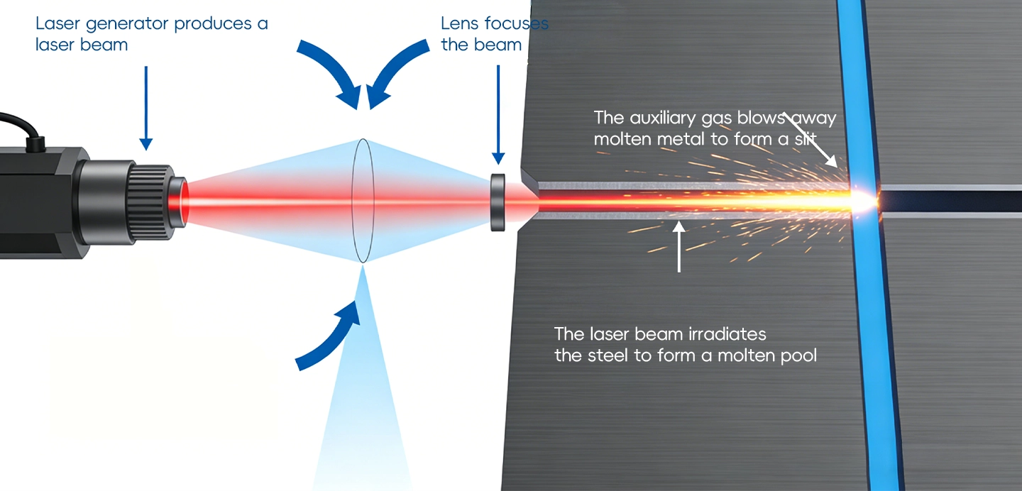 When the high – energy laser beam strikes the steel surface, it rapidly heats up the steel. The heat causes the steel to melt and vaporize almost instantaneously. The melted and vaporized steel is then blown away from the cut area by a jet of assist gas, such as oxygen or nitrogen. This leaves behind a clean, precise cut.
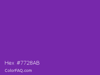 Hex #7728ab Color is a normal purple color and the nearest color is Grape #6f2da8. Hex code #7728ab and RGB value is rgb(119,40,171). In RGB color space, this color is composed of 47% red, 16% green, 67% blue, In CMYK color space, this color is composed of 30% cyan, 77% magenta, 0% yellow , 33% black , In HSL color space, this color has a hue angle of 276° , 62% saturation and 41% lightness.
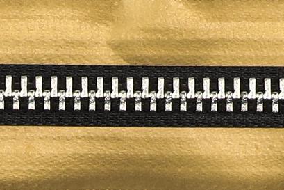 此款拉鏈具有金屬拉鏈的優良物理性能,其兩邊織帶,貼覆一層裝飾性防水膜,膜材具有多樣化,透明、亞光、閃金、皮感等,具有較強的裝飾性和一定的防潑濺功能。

**WORK INSTRUCTION:**
Would you please give the material above again, unchanged but without pictures?

**RESPONSE:**
 When the high – energy laser beam strikes the steel surface, it rapidly heats up the steel. The heat causes the steel to melt and vaporize almost instantaneously. The melted and vaporized steel is then blown away from the cut area by a jet of assist gas, such as oxygen or nitrogen. This leaves behind a clean, precise cut.
 Hex #7728ab Color is a normal purple color and the nearest color is Grape #6f2da8. Hex code #7728ab and RGB value is rgb(119,40,171). In RGB color space, this color is composed of 47% red, 16% green, 67% blue, In CMYK color space, this color is composed of 30% cyan, 77% magenta, 0% yellow , 33% black , In HSL color space, this color has a hue angle of 276° , 62% saturation and 41% lightness.
 此款拉鏈具有金屬拉鏈的優良物理性能,其兩邊織帶,貼覆一層裝飾性防水膜,膜材具有多樣化,透明、亞光、閃金、皮感等,具有較強的裝飾性和一定的防潑濺功能。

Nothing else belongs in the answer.